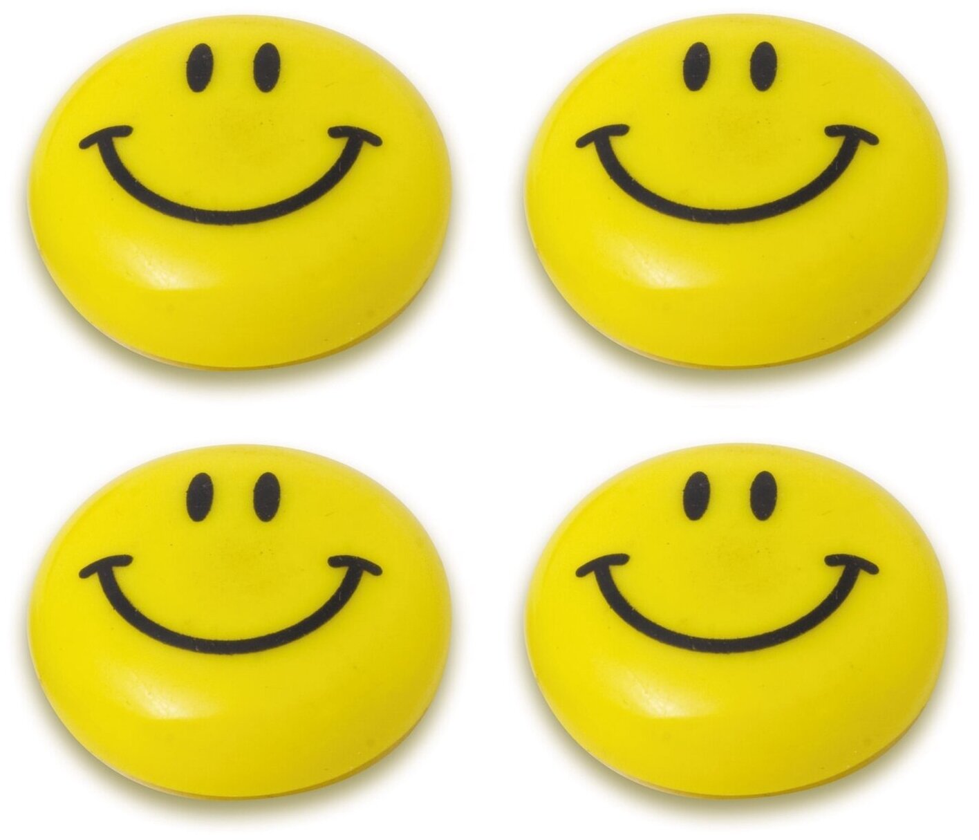 10 цен на Магниты диаметром 30 мм, комплект 4 штуки, "смайлики", желтые, в блистере, BRAUBERG, 231727
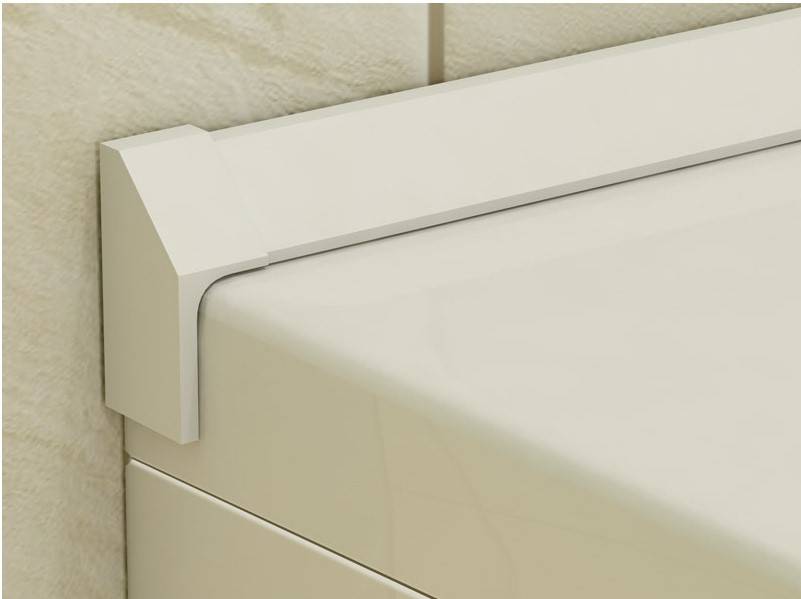 Далее – плинтус для ванны двухсоставной. По своей сути, он такой же, как пластиковый молдинг для столешниц: сначала устанавливается монтажная рейка, на которую затем крепится внешняя часть. Минусы этот багет имеет те же самые, что описаны выше, для односоставных профилей.
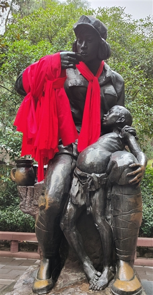 遵义人称为“红军菩萨”的女红军卫生员铜像上,系着群众缅怀烈士的红绸,很多本地群众定期来祭扫,这是遵义人民对红军的感情。
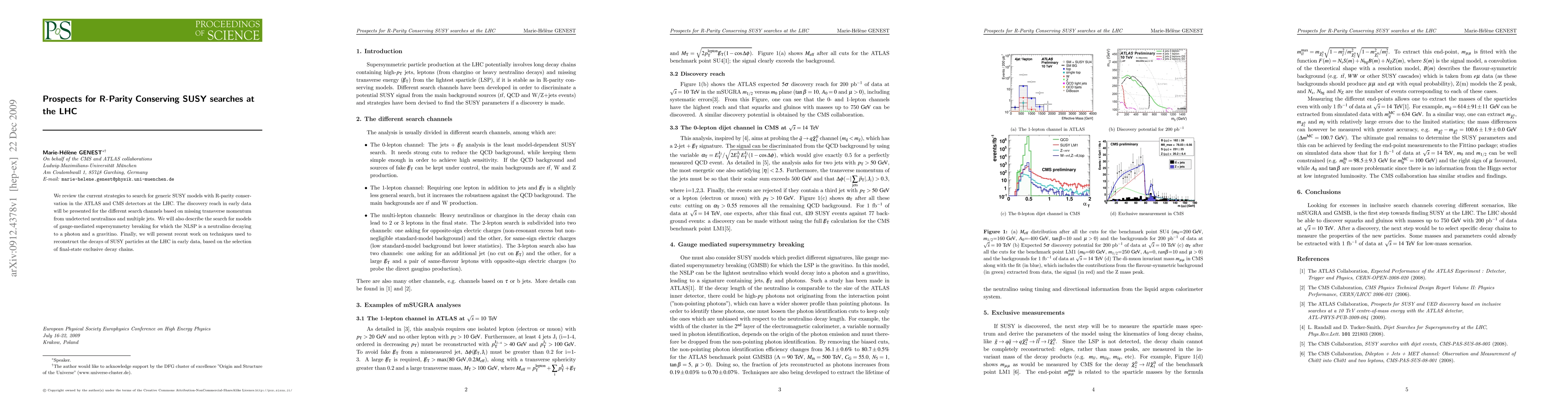 This paper reviews strategies for searching for R-parity conserving SUSY models at the LHC using ATLAS and CMS detectors, focusing on channels involving missing transverse momentum and multiple jets. It also discusses techniques for reconstructing SUSY particle decays and explores gauge-mediated supersymmetry breaking models.
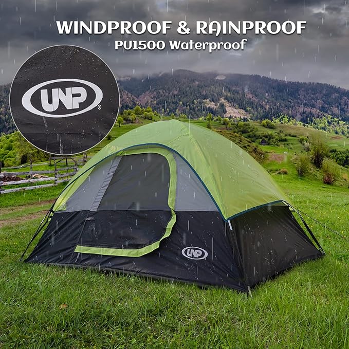 - 【Windproof & Rainproof 】:The camping tent is made of stronger tear-resistant polyester.It come with a removable rainfly and two zippers designed for keeping the rain outside the tent. The ropes of tent and piles ensure safety and stability.
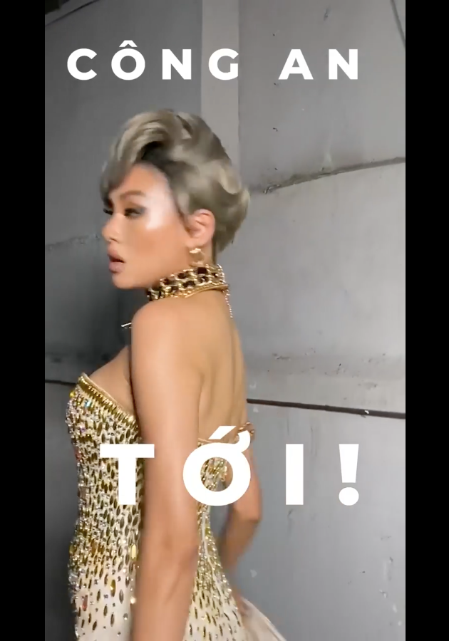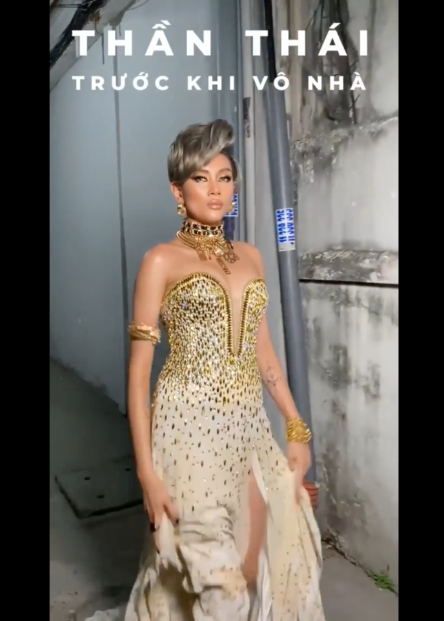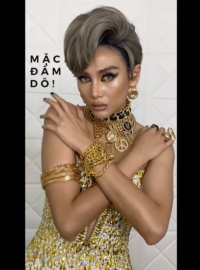 Sau khi đeo vàng đầy người, Võ Hoàng Yến 'lên đồ' váy dạ hội cũng được đính kết bằng những hạt cườm màu vàng lấp lánh chói mắt. Đặc biệt, có thể thấy bộ váy mà cô mặc trên người chính là chiếc đầm dạ hội Võ Hoàng Yến mặc trên sân khấu đêm chung kết Miss Universe năm nào.
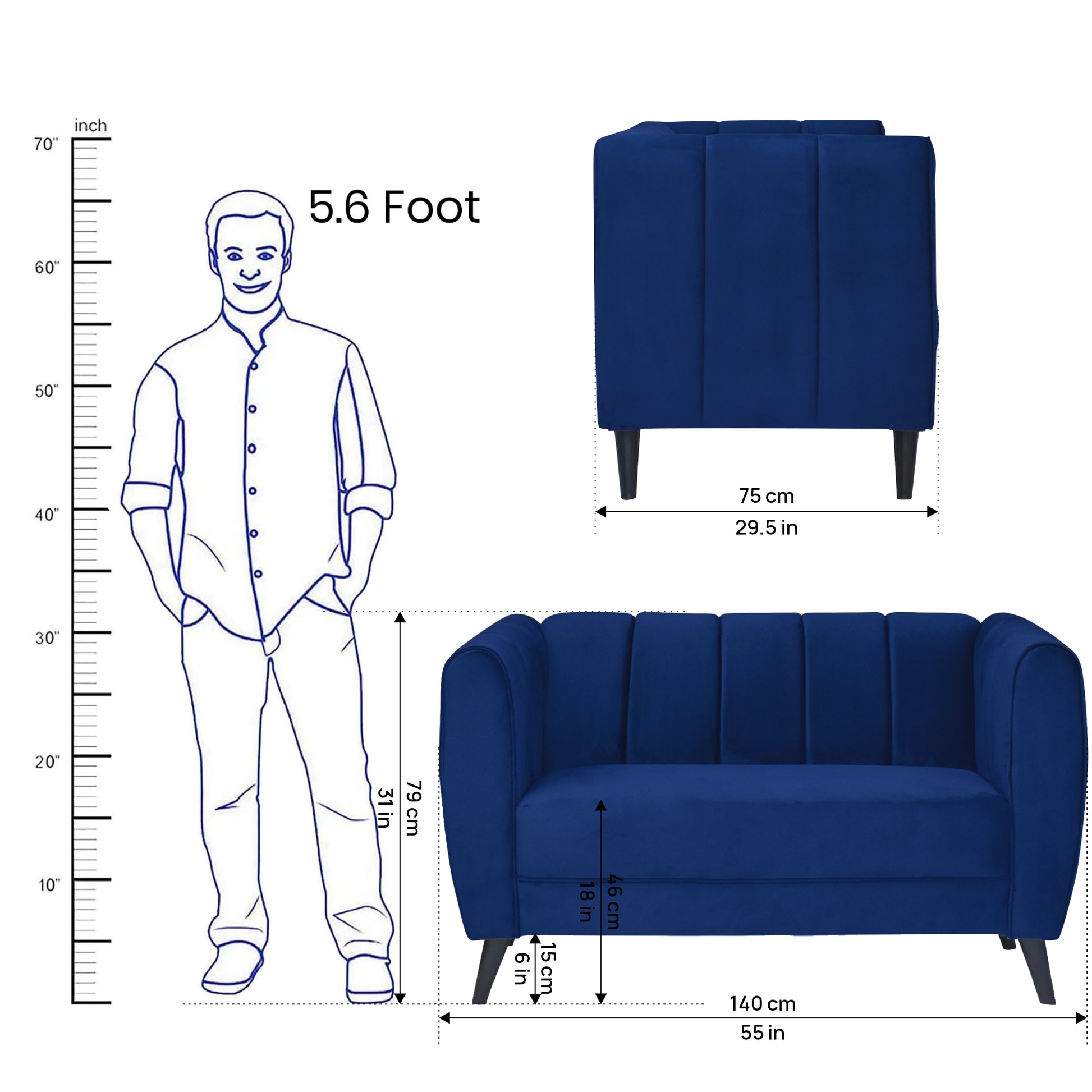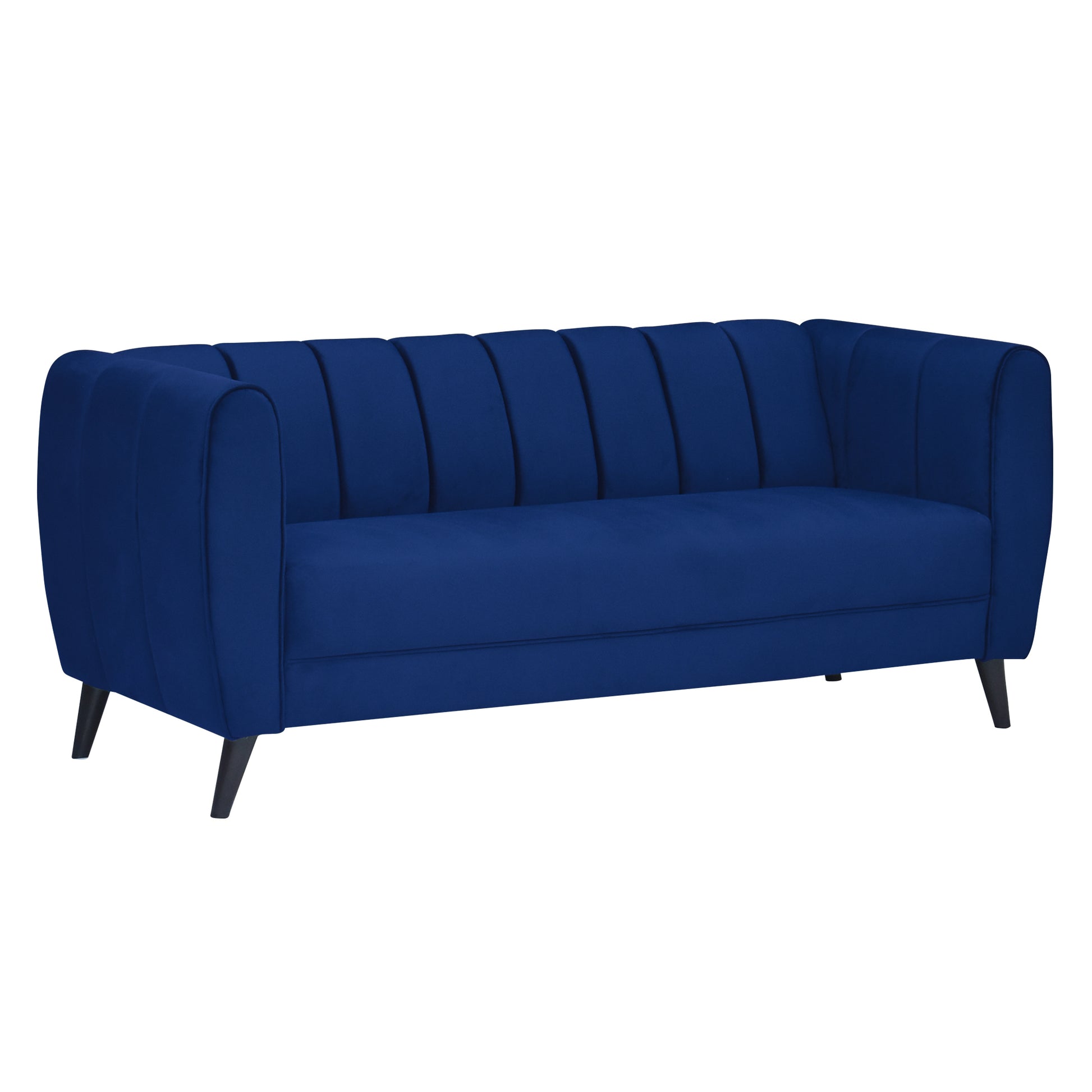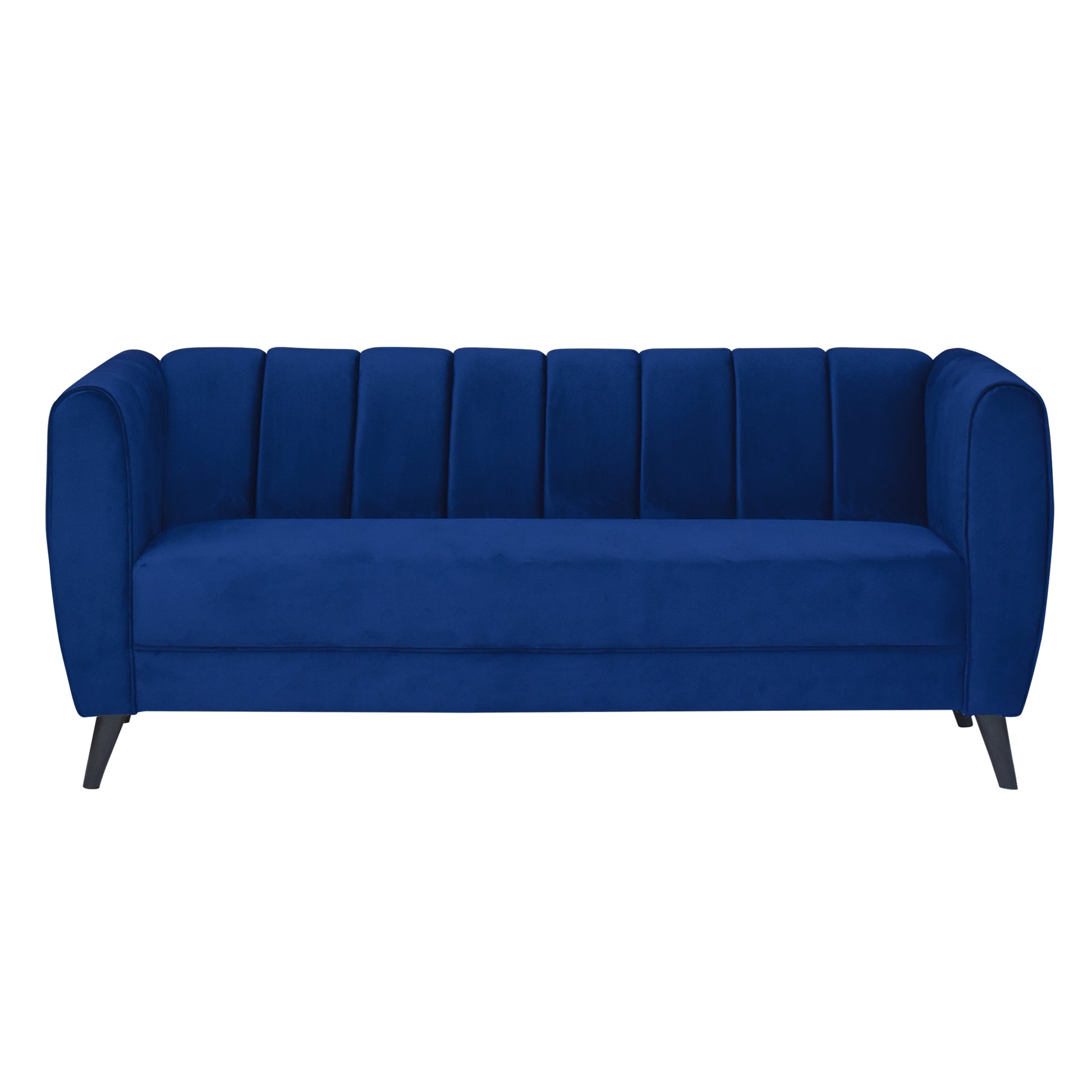 Cleo Quilted Back Velvet Fabric Sofa - Blue
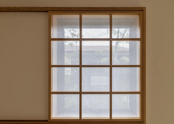 網戸の代わりにレース障子を採用。風を通し、空間の雰囲気やプライバシーも守る。
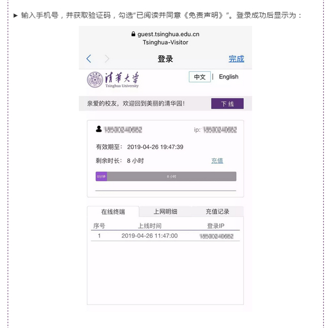a.下线时只需点击“下线”按钮即可。如30分钟内无流量,用户将自动下线,再次登录要再次获取短信验证码。
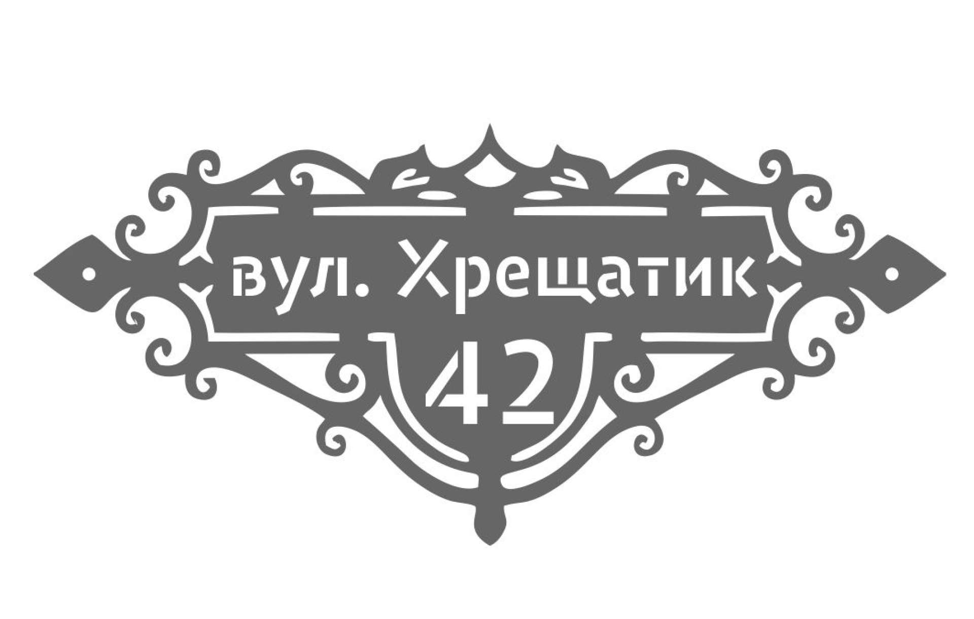 Адресна табличка із металу у Львові. Матеріал нержавіюча сталь. Товщина металу 1 мм.
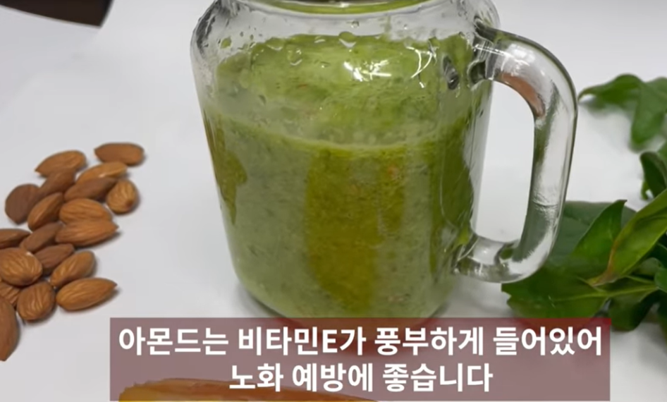 시금치 한 뿌리, 오렌지 1개 (또는 귤 1개), 아몬드 10~15개, 물 한 컵

+++

** Task **
Repeat the data word for word. Skip the pictures.

** Written answer **
 10 цен на Магниты диаметром 30 мм, комплект 4 штуки, "смайлики", желтые, в блистере, BRAUBERG, 231727
 Далее – плинтус для ванны двухсоставной. По своей сути, он такой же, как пластиковый молдинг для столешниц: сначала устанавливается монтажная рейка, на которую затем крепится внешняя часть. Минусы этот багет имеет те же самые, что описаны выше, для односоставных профилей.
 遵义人称为“红军菩萨”的女红军卫生员铜像上,系着群众缅怀烈士的红绸,很多本地群众定期来祭扫,这是遵义人民对红军的感情。
 This paper reviews strategies for searching for R-parity conserving SUSY models at the LHC using ATLAS and CMS detectors, focusing on channels involving missing transverse momentum and multiple jets. It also discusses techniques for reconstructing SUSY particle decays and explores gauge-mediated supersymmetry breaking models.
 - 【Windproof & Rainproof 】:The camping tent is made of stronger tear-resistant polyester.It come with a removable rainfly and two zippers designed for keeping the rain outside the tent. The ropes of tent and piles ensure safety and stability.
 Sau khi đeo vàng đầy người, Võ Hoàng Yến 'lên đồ' váy dạ hội cũng được đính kết bằng những hạt cườm màu vàng lấp lánh chói mắt. Đặc biệt, có thể thấy bộ váy mà cô mặc trên người chính là chiếc đầm dạ hội Võ Hoàng Yến mặc trên sân khấu đêm chung kết Miss Universe năm nào.
 Cleo Quilted Back Velvet Fabric Sofa - Blue
 網戸の代わりにレース障子を採用。風を通し、空間の雰囲気やプライバシーも守る。
a.下线时只需点击“下线”按钮即可。如30分钟内无流量,用户将自动下线,再次登录要再次获取短信验证码。
 Адресна табличка із металу у Львові. Матеріал нержавіюча сталь. Товщина металу 1 мм.
 시금치 한 뿌리, 오렌지 1개 (또는 귤 1개), 아몬드 10~15개, 물 한 컵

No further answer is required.